Rozdział 6.: Gorzej niż z dzieckiem.

    — Kitty, mówisz zbyt szybko, niczego nie zrozumiałam — przerwała mi zirytowana blondynka. — Rozumiem, że to trochę krępujące, że Louis Tomlinson widział cię w bieliźnie, ale on ma dziewczynę... albo chłopaka. Cokolwiek jest prawdziwe. Tak czy inaczej nie masz się czym przejmować.
   — Mam, Alex! — krzyknęłam naprawdę zdenerwowana tym jak tępa czasami bywa. — On widział to. — Zeszłam z łóżka, by kamera była na wysokości mojego brzucha i podwinęłam koszulkę, żeby moja mało ogarniająca przyjaciółka zrozumiała, co mam na myśli.
    — No tak! — wykrzyknęła, uderzając otwartą dłonią w czoło.
    — Hej, Devine — usłyszałam krzyk i po chwili drzwi mojego pokoju otworzyły się. Szybko poprawiłam ubranie, spoglądając w ich stronę.
    — Naucz się pukać, Horan!
    — Nie musisz tak krzyczeć, kochanie.
    — Mówiłam, żebyś tak do mnie nie mówił. Czego w ogóle chcesz?
    — Powiedzieć, że nie mam pojęcia, co zrobiłaś Louisowi, ale musisz to powtórzyć. Nigdy nie widziałem, żeby tak szybko biegł, był nieźle przerażony. — Śmiał się, kiedy ja jedynie patrzyłam na niego ze zmrużonymi oczami.
    — Jesteś okropną osobą, wiesz?
    — Kitty!

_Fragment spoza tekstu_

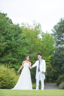 手を取り頭を寄せ合って。自然豊かな緑の中にお二人のお着物もとても映えます!

To jest Niall Pieprzona Perfekcja Horan jak możesz tak mówić do drugiej najsłodszej osoby na świecie?! — usłyszałam blondynkę, mówiącą w naszym języku. Pewnie nie chciała, żeby ją zrozumiał. Całkowicie o niej zapomniałam.
    — Kto jest pierwszą? — zapytałam, spoglądając na ekran.

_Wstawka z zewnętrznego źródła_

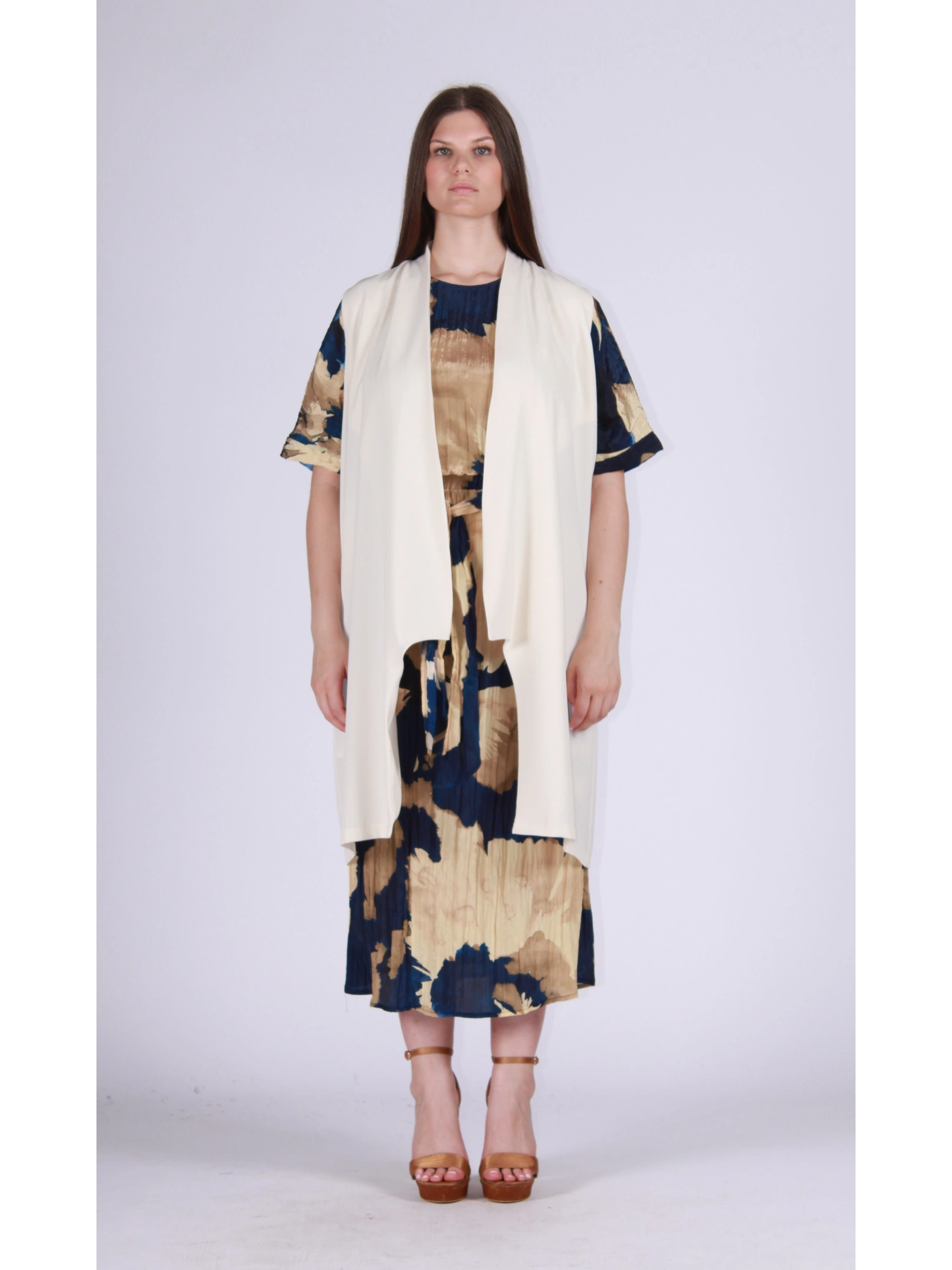 MODELLO SENZA MANICHE CON LINEA FLUIDA E APERTURA FRONTALE, CARATTERIZZATO DA VOLUMI AMPI CHE SCIVOLANO SULLE FORME VALORIZZANDO LA SILHOUETTE. LA LUNGHEZZA ALLUNGATA E IL DESIGN ESSENZIALE LO RENDONO IDEALE PER SOVRAPPOSIZIONI E OUTFIT STRATIFICATI.

    — Harry — odpowiedziała z szerokim uśmiechem, na co przewróciłam oczami.
    — Kto to? — zapytał chłopak, wskazując na odwrócony tyłem do niego laptop.
    — Jedna z twoich wielkich fanek.
    — Ej, wypraszam sobie! Jestem Directioner nie jakąś tam fanką! — wtrąciła już po angielsku, na co prychnęłam, a ona pokazała mi język.
    Nachyliłam się, przekręcając laptop w stronę blondyna. Wiedziałam jak bardzo przyjaciółka marzy o spotkaniu swoich idoli. W tym roku tylko się to nasiliło, w dodatku tak bardzo, że przez ostatnie dwa miesiące szkoły starała się znaleźć pracę, żeby zarobić na ich koncert. Próbowała namówić mamę w zeszłym roku, żeby ją na niego zabrała, ale kiedy ciocia zebrała wystarczającą sumę - bilety były już wykupione.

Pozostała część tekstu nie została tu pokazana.